Towards accelerating Smoothed Particle Hydrodynamics simulations for free-surface flows on multi-GPU clusters

Starting from the single graphics processing unit (GPU) version of the Smoothed Particle Hydrodynamics (SPH) code DualSPHysics, a multi-GPU SPH program is developed for free-surface flows. The approach is based on a spatial decomposition technique, whereby different portions (sub-domains) of the physical system under study are assigned to different GPUs.
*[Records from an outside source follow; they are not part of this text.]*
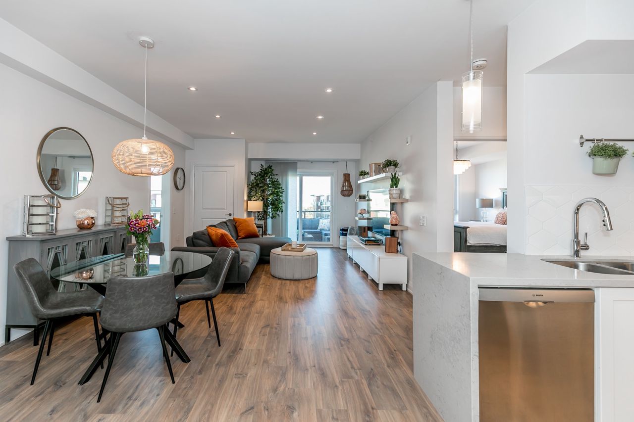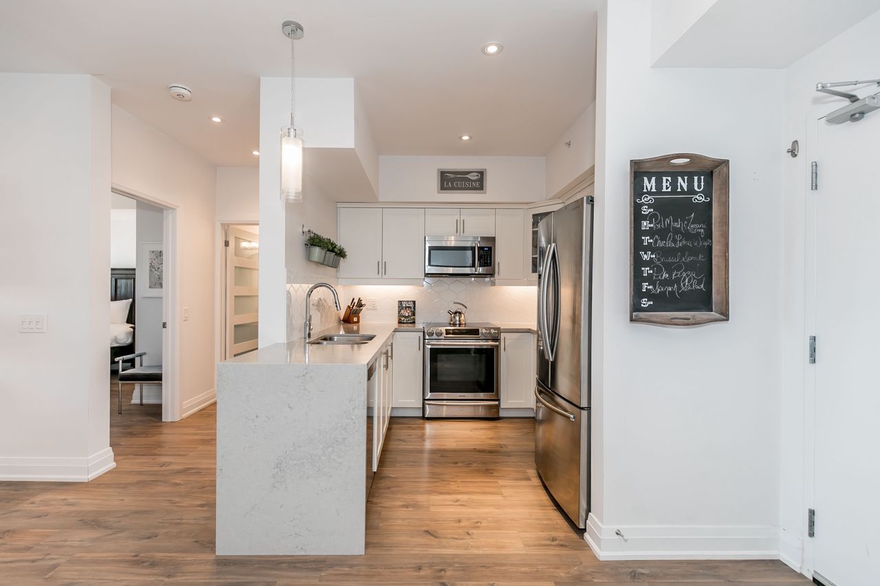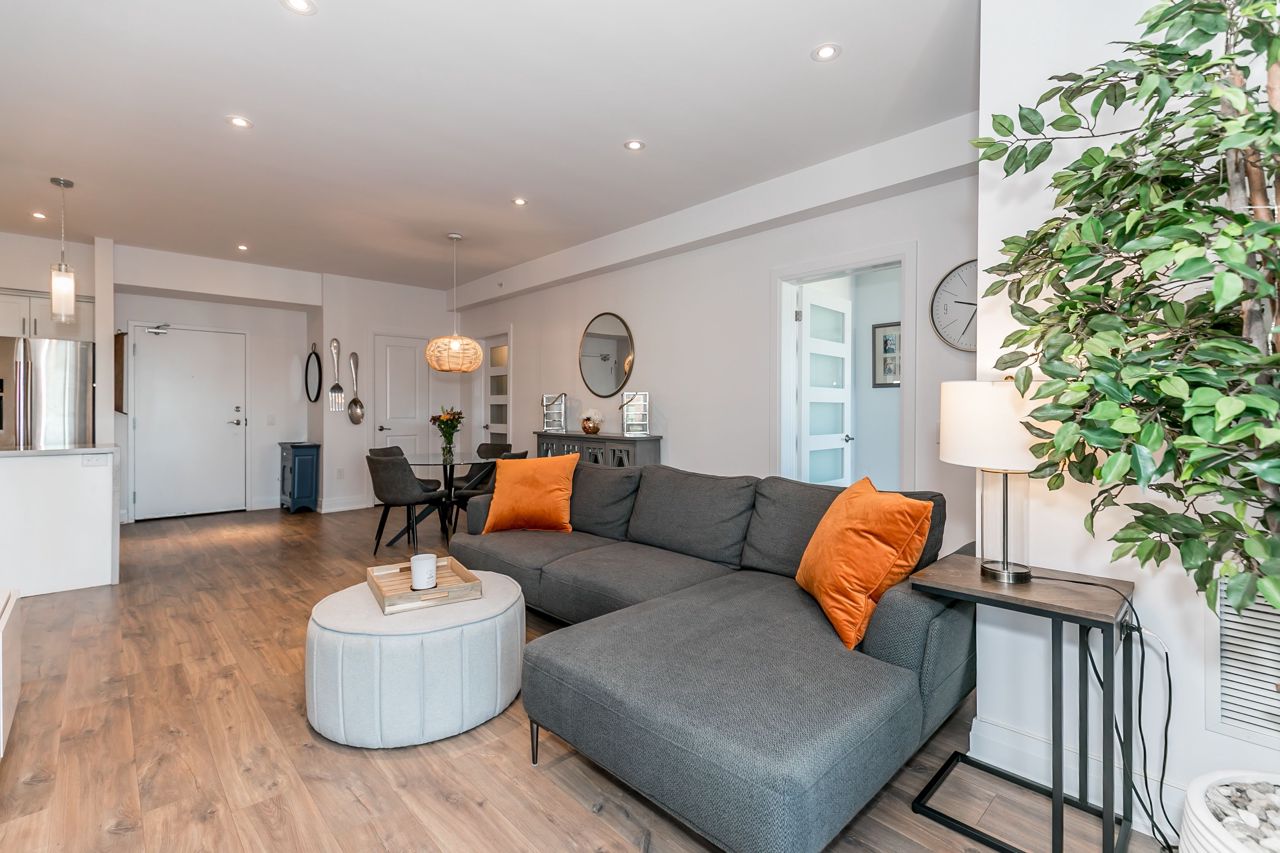 Stunning Penthouse Unit! *RARE* Offering! Fully Upgraded Penthouse in South Barrie's highly sought after Gallery Buildings. This spacious 2 bedroom sun-filled unit has tons of natural light! Loaded with Designer upgrades throughout, including; Waterfall Quartz Countertop, Upgraded White Kitchen Cabinets With Glass Insert, Pot & Pan Drawers, 9' Smooth Ceilings w/ Pot Lights, High End Laminate Flooring, Upgraded Trim, Stainless Steel Appliances, Oversized Balcony & More! Enjoy Unobstructed Views Of The Surrounding Skyline Of The City Of Barrie & Kempenfelt Bay. One (1) Underground Parking & Locker Included. En-Suite Laundry. Surrounded by a 14-Acre Forested Park Area W/ Walking Trails, Bridges, & Boardwalks. Minutes To Highway 400, Lake, Go Station, Grocery Stores, Waterfront, Downtown Restaurants & All major amenities.
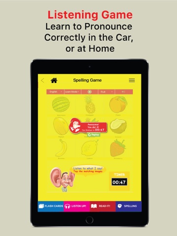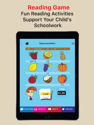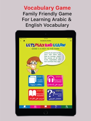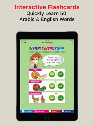 This innovative, dual language, educational game, is ideal for second language learners. It teaches everyday words in a fun, interactive way with the help of digital Flashcards, and multiple Educational Games. Students will learn to understand, speak, read, and spell 50 Arabic and English words quickly, easily, and permanently. Topics in Game 1, include: Fruits, Vegetables, Farm Animals, Shapes, Colors, Clothes, Food, etc.
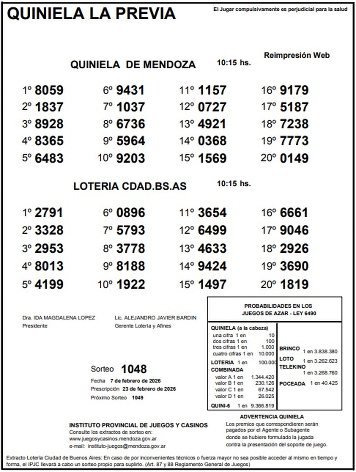 Resultados Quiniela de Mendoza: La Previa del 7 de febrero de 2026
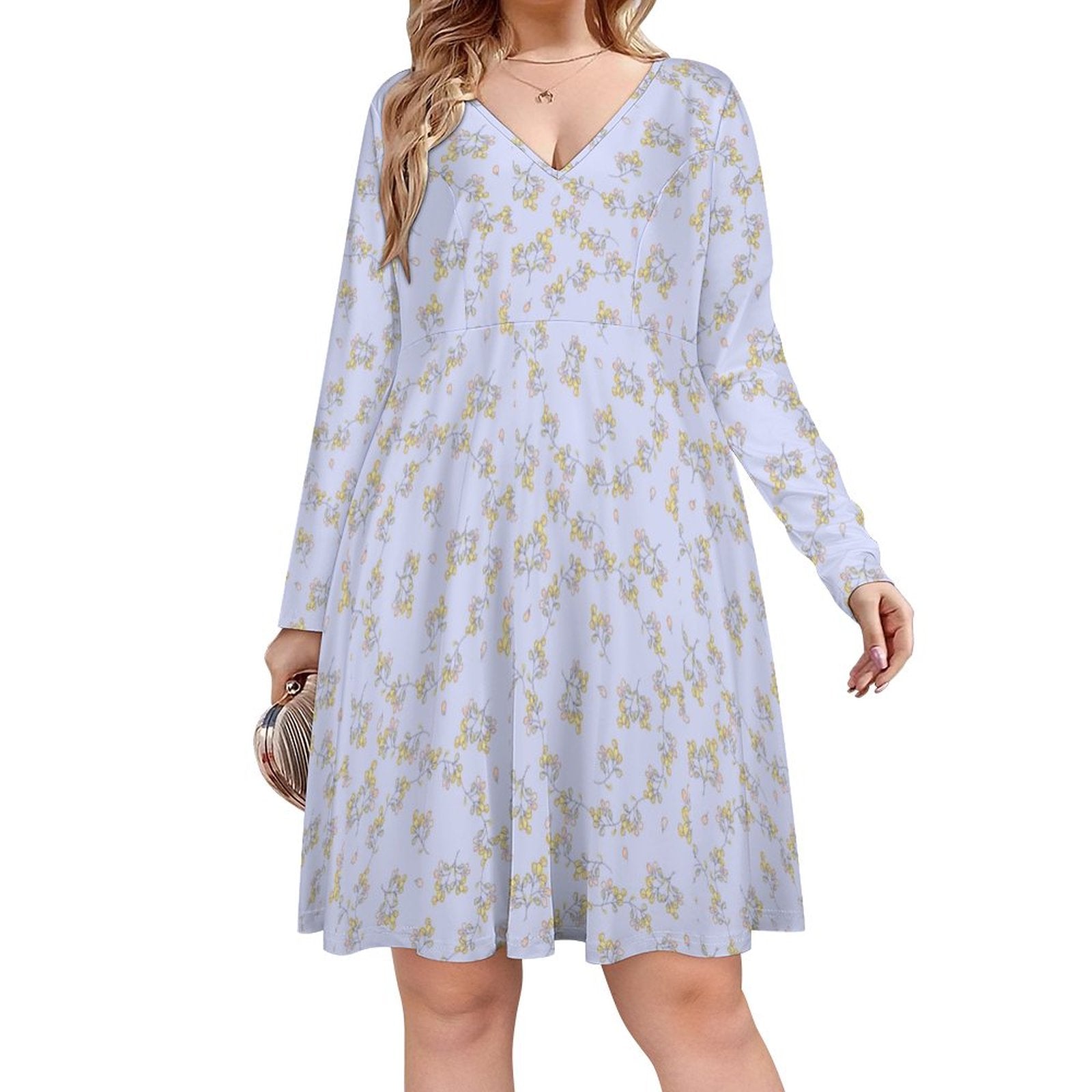 Plus Size V-neck Long Sleeve Dress B829 (All-Over Printing)
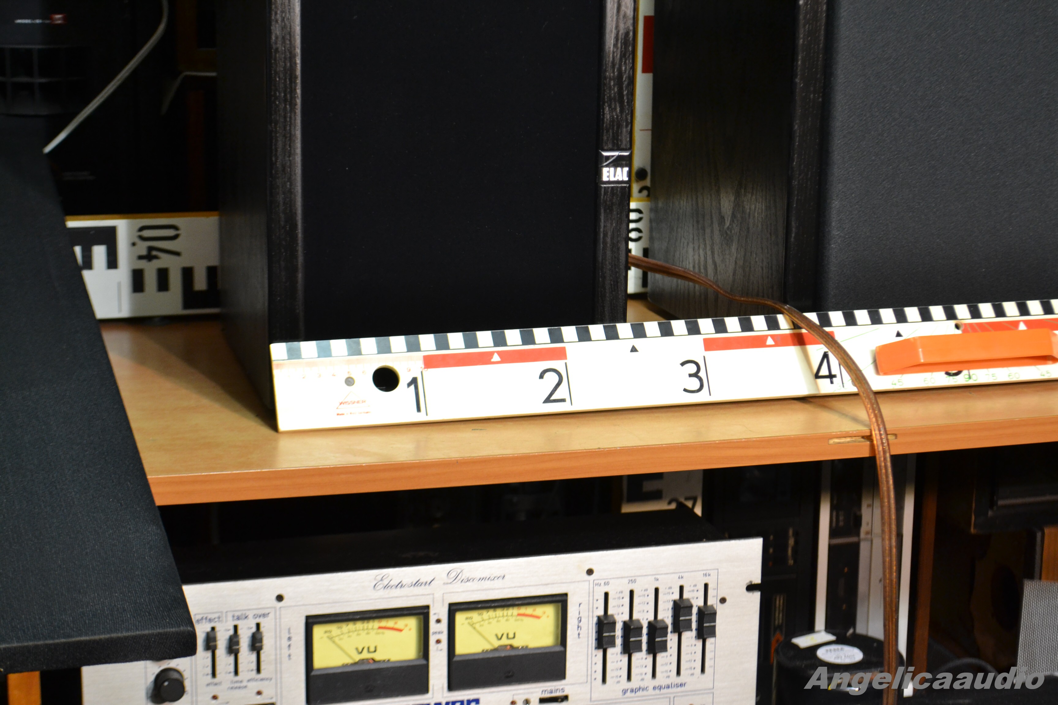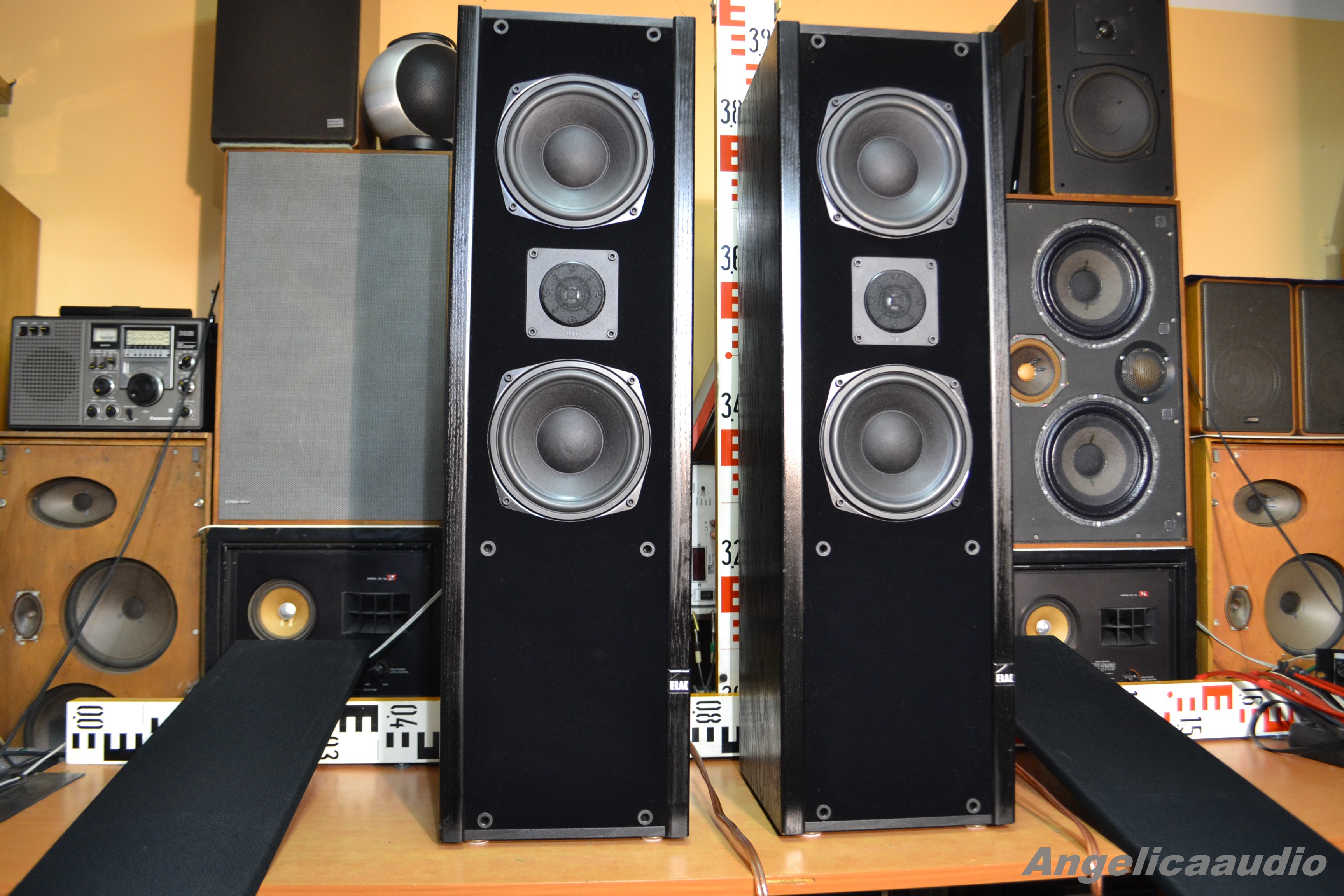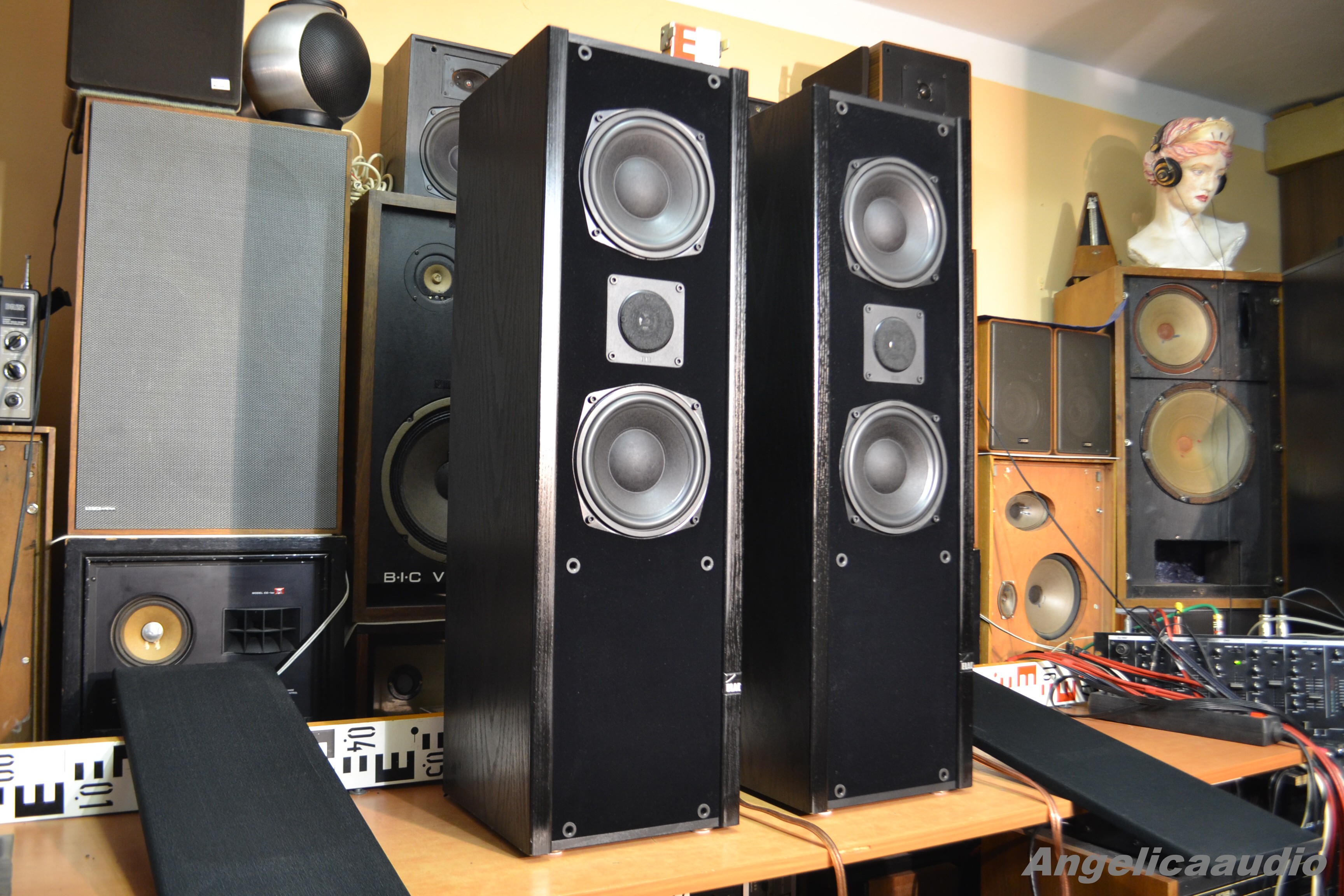Kvalitně zpracované a také patřičně těžké sloupové reprosoustavy ELAC. Výroba Německo. Dvojitý bassreflex na zadních deskách – možná regulace pomocí originálních záslepek – viz detailní fotografie. „Sametový“ potah čelních desek.
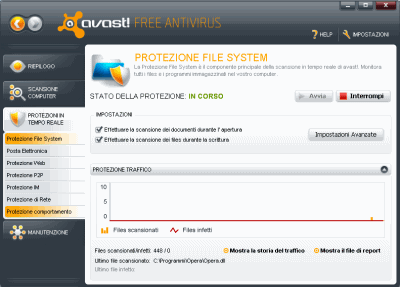 Il primo (Protezione file system) è quello principale ed è l’analogo della “protezione standard” fornita in Avast! Home 4.x. Esso si occupa di sorvegliare in tempo reale l’attività del disco fisso a livello di file system individuando e bloccando tempestivamente eventuali componenti dannosi.
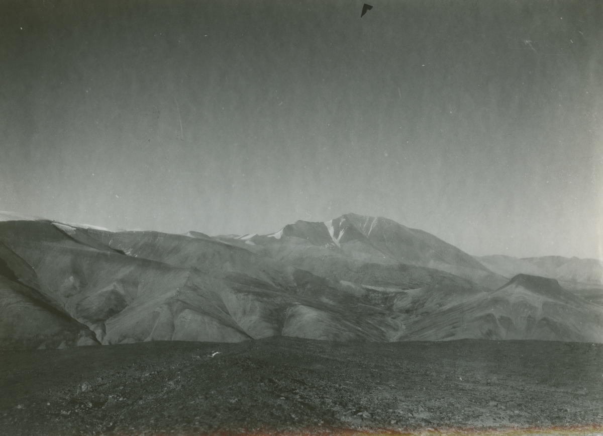 Fotografi från expedition till Östgrönland 1929. Dansk-svensk expedition under ledning av Lauge Koch. Svenska deltagare: Oscar Kulling och Helge Backlund. Vy över hav berg och isberg.
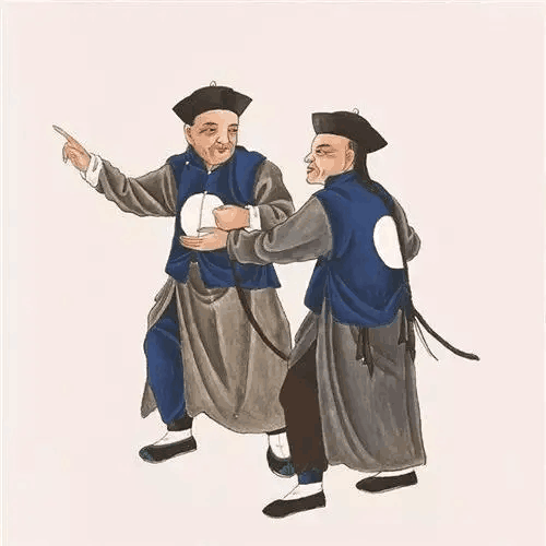 俩差役看到老张出来,立刻上前迎接,三人按原路返回。老张回头一看,噢天啊!知县大人居然脖子上套着铁链,踉踉跄跄地跟在后面!老张吓得双手捂住脸,口中喃喃自语:“你没看见我,我不认识你。不关我的事,不关我的事…”
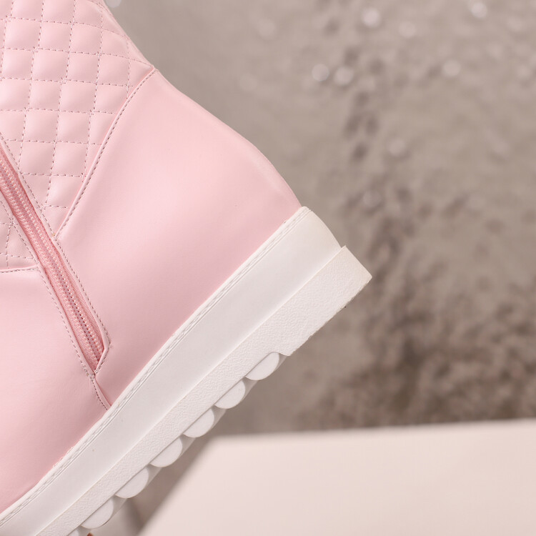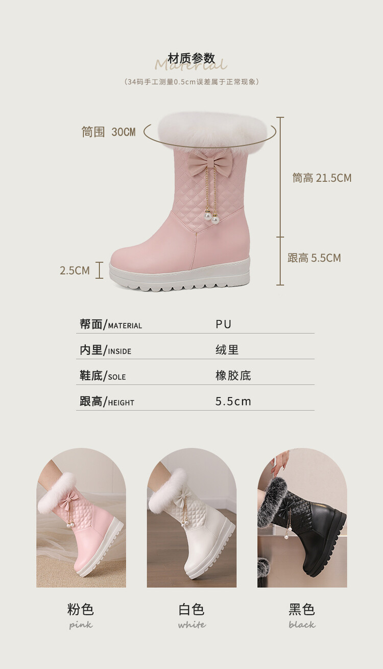 겨울 라운드 헤드 두꺼운 따뜻한 스노우 부츠 두꺼운 바닥 플랫폼 바닥 공주 사이드 지퍼 내부 높이 달콤한 여성용 짧은 부츠
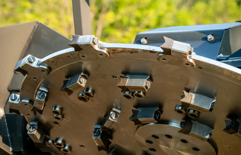 The Forestry Disc Mulcher can quickly mulch 4” material and effortlessly cut trees up to 8” in diameter. It features a 44” (or 60″) diameter cutting area with a machined and statically balanced disc. Available with two motor options: a 100 CC for 20-30 GPM or a 150 CC for 30-44 GPM. The disc holds 30+ mulching teeth (depending on size), providing ample power for your toughest clearing needs. A case drain is required for this attachment. A closed forestry style cab is strongly recommended for use with this mulcher! Teeth are four sided beaver style and are replacable. We do not recommend using anywhere near people, windows, or animals.
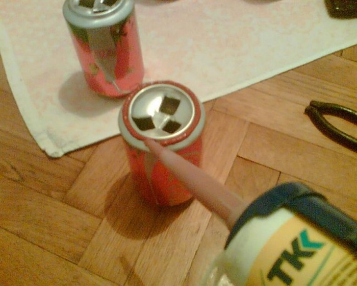 Вместо этого, вы можете использовать специальные инструменты или большие крестовые отвертки. Верхняя часть банки режется ножницами и изгибается так, чтобы получился "плавник". Его миссия заключается в содействии турбулентному потоку воздуха, чтобы собрать как можно больше тепла от нагретой стенки банки. (Просьба соблюдать технологию!) Все это необходимо сделать до склеивания банок.

Communication between devices is achieved with the use of Message Passing Interface (MPI) application programming interface (API) routines. The use of the sorting algorithm radix sort for inter-GPU particle migration and sub-domain halo building (which enables interaction between SPH particles of different subdomains) is described in detail. With the resulting scheme it is possible, on the one hand, to carry out simulations that could also be performed on a single GPU, but they can now be performed even faster than on one of these devices alone. On the other hand, accelerated simulations can be performed with up to 32 million particles on the current architecture, which is beyond the limitations of a single GPU due to memory constraints. A study of weak and strong scaling behaviour, speedups and efficiency of the resulting programis presented including an investigation to elucidate the computational bottlenecks. Last, possibilities for reduction of the effects of overhead on computational efficiency in future versions of our scheme are discussed.

💡 Research Summary

The paper presents a multi‑GPU extension of the SPH code DualSPHysics for simulating free‑surface flows, addressing the memory and performance limits of a single GPU. The authors adopt a spatial domain decomposition strategy: the physical domain is split into equally sized sub‑domains, each assigned to a separate GPU. Inter‑GPU communication is handled with MPI, while particle migration and halo‑region construction—critical for interactions across sub‑domain boundaries—are accelerated using a GPU‑native radix‑sort algorithm.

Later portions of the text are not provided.